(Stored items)
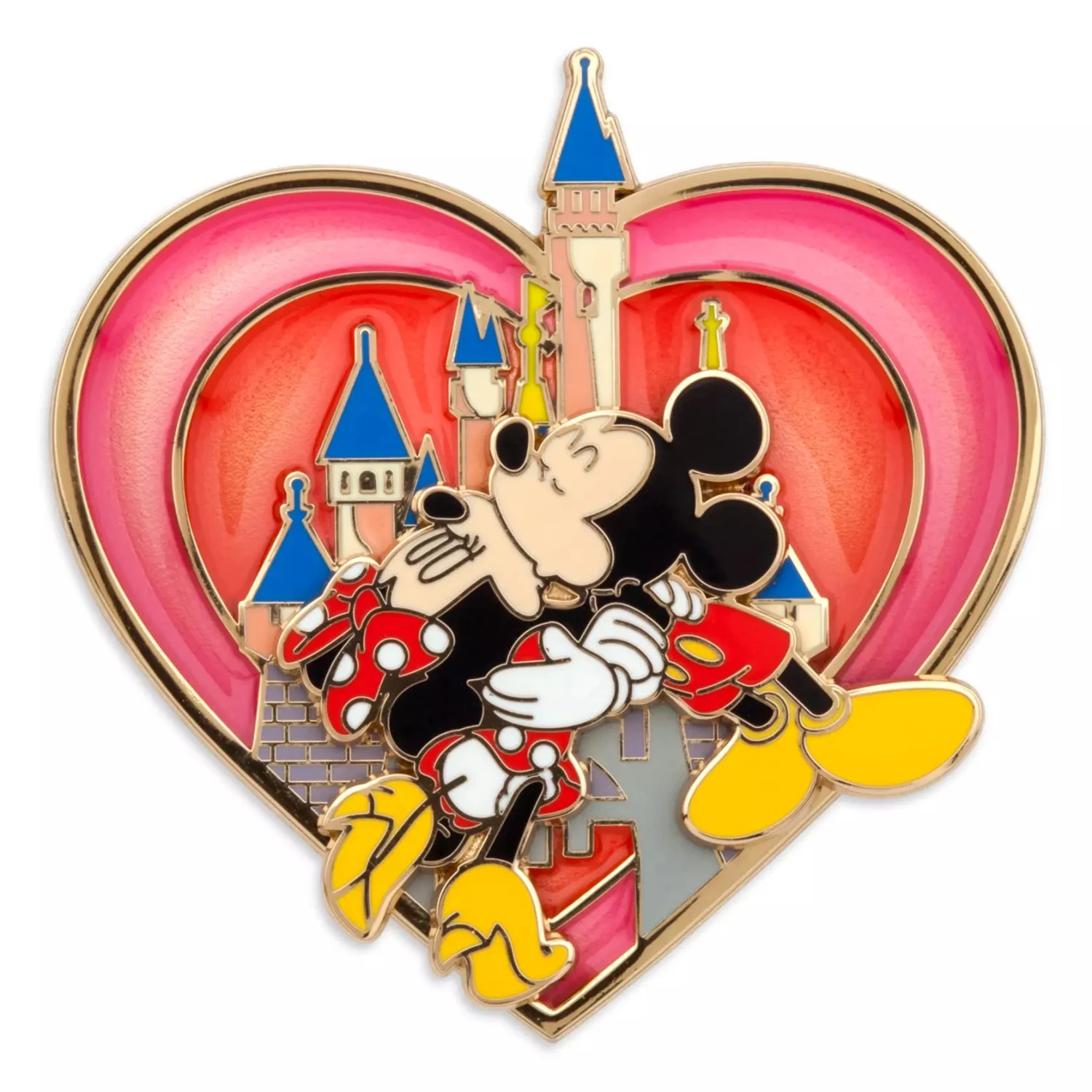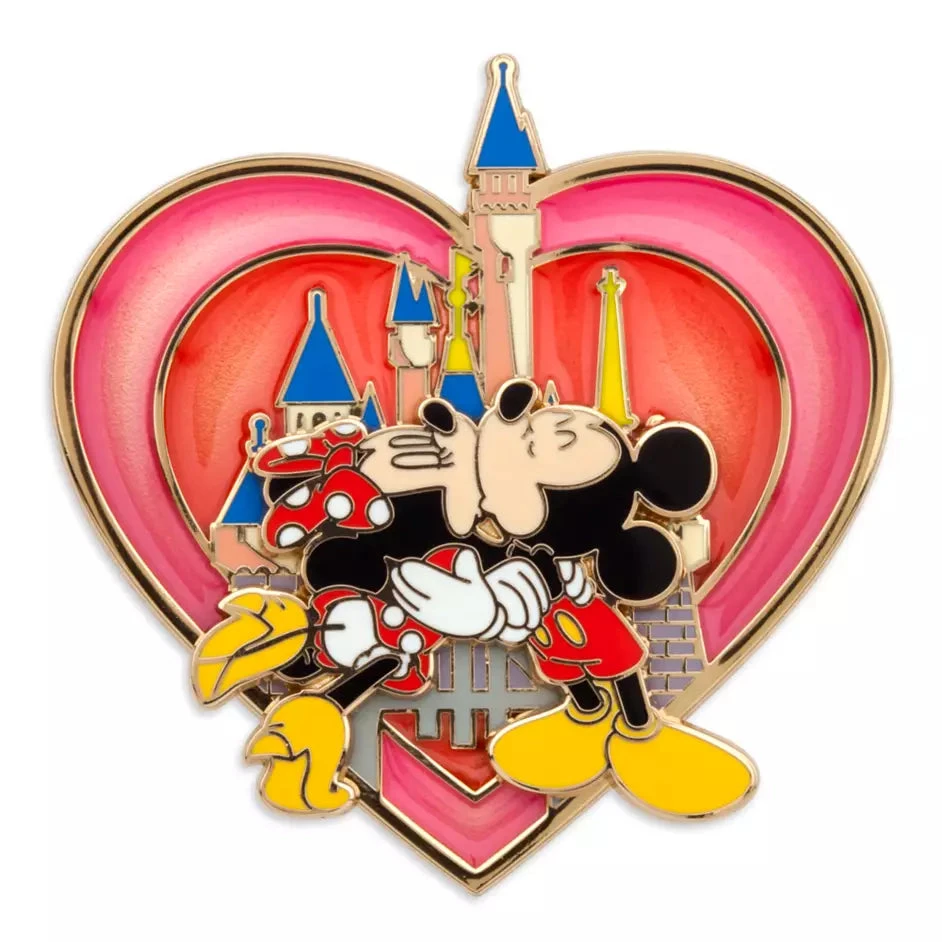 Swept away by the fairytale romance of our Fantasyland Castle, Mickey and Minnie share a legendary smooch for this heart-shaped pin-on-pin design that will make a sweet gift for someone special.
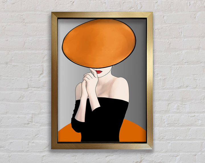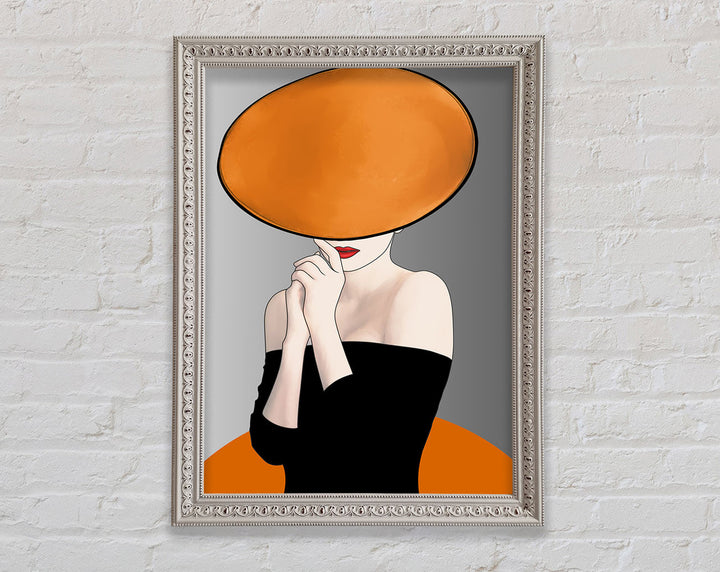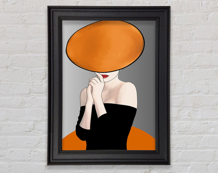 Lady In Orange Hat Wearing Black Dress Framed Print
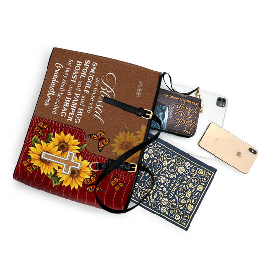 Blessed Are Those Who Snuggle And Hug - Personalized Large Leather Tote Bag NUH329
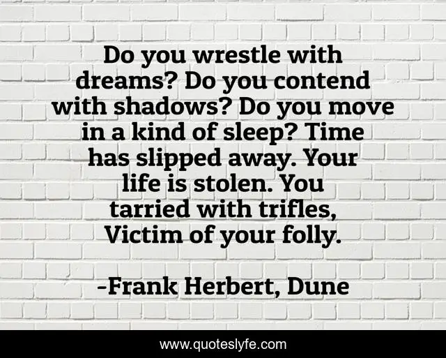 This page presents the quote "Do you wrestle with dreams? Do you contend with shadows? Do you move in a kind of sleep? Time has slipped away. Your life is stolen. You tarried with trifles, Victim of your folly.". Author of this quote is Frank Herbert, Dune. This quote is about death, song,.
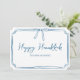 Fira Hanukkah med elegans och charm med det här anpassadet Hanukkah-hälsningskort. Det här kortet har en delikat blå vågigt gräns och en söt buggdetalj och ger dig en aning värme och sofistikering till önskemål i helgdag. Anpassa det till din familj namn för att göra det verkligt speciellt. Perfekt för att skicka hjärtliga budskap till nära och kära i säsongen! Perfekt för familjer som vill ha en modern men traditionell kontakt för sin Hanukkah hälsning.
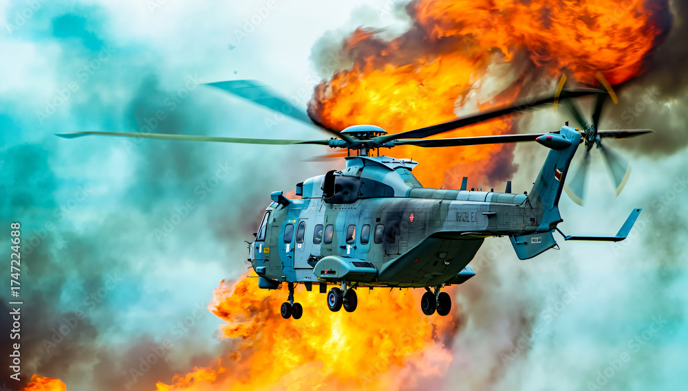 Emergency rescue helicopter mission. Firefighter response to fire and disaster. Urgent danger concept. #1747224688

▶ WORK REQUIRED:
Starting at the line above that holds "Lady In Orange", return each line up to and including the one that holds "Blessed Are Those", exactly as written, minus any pictures.

▶ TASK SOLUTION:
 Lady In Orange Hat Wearing Black Dress Framed Print
 Blessed Are Those Who Snuggle And Hug - Personalized Large Leather Tote Bag NUH329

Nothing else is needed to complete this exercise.